Straiker's red team discovered 87 exploits across production AI agents, with 24 instances following a pattern called "Living Off The Agent" (LOTA). If you're deploying autonomous AI agents, your traditional security controls aren't equipped to detect these attacks.
Red Team Discoveries
Agentic AI adoption has surged recently. Unlike traditional software, these agents make autonomous decisions, chain API calls, and interact with systems based on natural language instructions. This autonomy creates an attack surface that your current tools don't monitor.
The LOTA pattern involves attackers manipulating an agent's decision-making to execute malicious actions using the agent's legitimate access. Your SIEM sees authorized API calls. Your DLP sees data moving through approved channels. Your endpoint detection sees nothing suspicious because the agent is doing what it's designed to do—just with altered instructions.
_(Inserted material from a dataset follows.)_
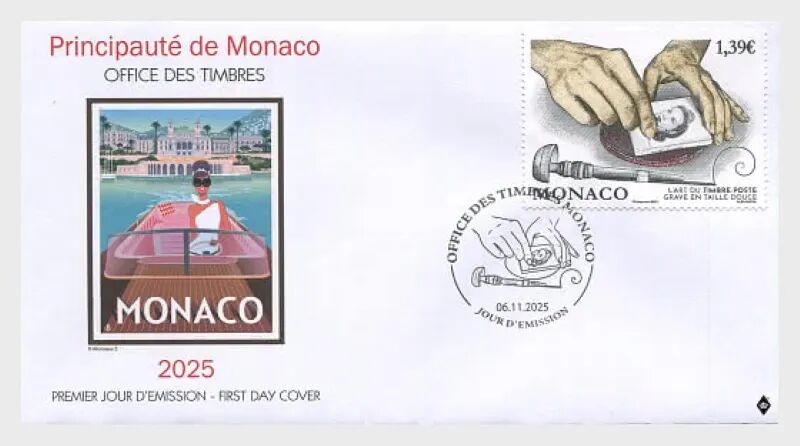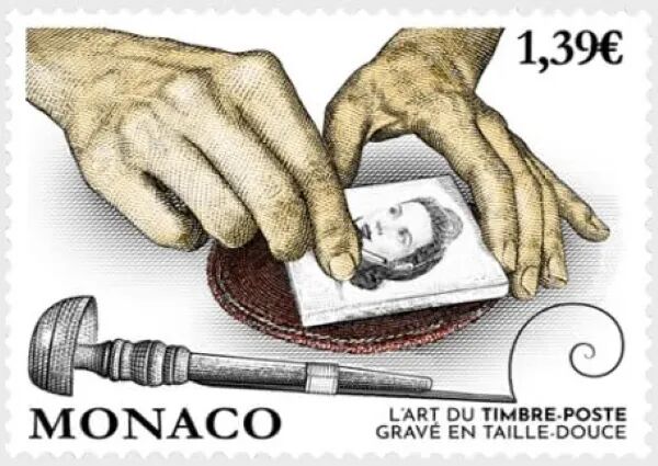 11月6日,摩纳哥邮政发行1枚《邮票凹版雕刻艺术》邮票,图案为一双正在雕刻邮票凹版母模的手及一把雕刻刀,面值1.39欧元。
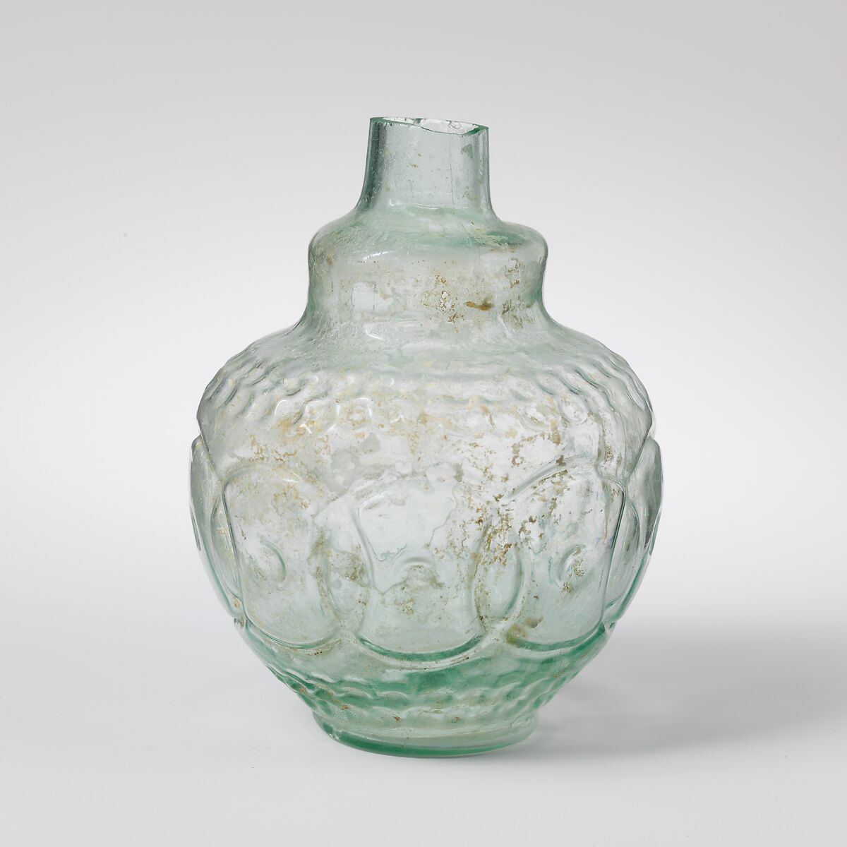 Unworked, knocked-off rim; short cylindrical neck, expanding downwards; sloping shoulder, above tall concave collar; spherical body; projecting rounded edge to base with flat bottom; no pontil mark. Body blown into a four-part mold of three vertical sections, extending to bottom of collar, joined to a shallow, disk-shaped base section.

Traditional detection methods fail here. You can't write a rule for "agent behaving suspiciously" when suspicious behavior looks identical to normal operations in your logs.
Key Findings
Agent authorization models bypass standard access controls. Your agents likely have broad API access. When an attacker compromises agent instructions, they inherit that access without triggering authentication failures. Review your agent service accounts—if an agent can read customer data "when needed," an attacker controlling that agent can read it whenever they want.
API security is your primary defense. Agents communicate through APIs, often using new protocols like Anthropic's Model Context Protocol (MCP). Each API call is a potential attack vector. Your API gateway needs to validate not just authentication tokens, but the semantic intent of requests. Rate limiting helps, but won't stop an attacker patient enough to exfiltrate data slowly through legitimate-looking queries.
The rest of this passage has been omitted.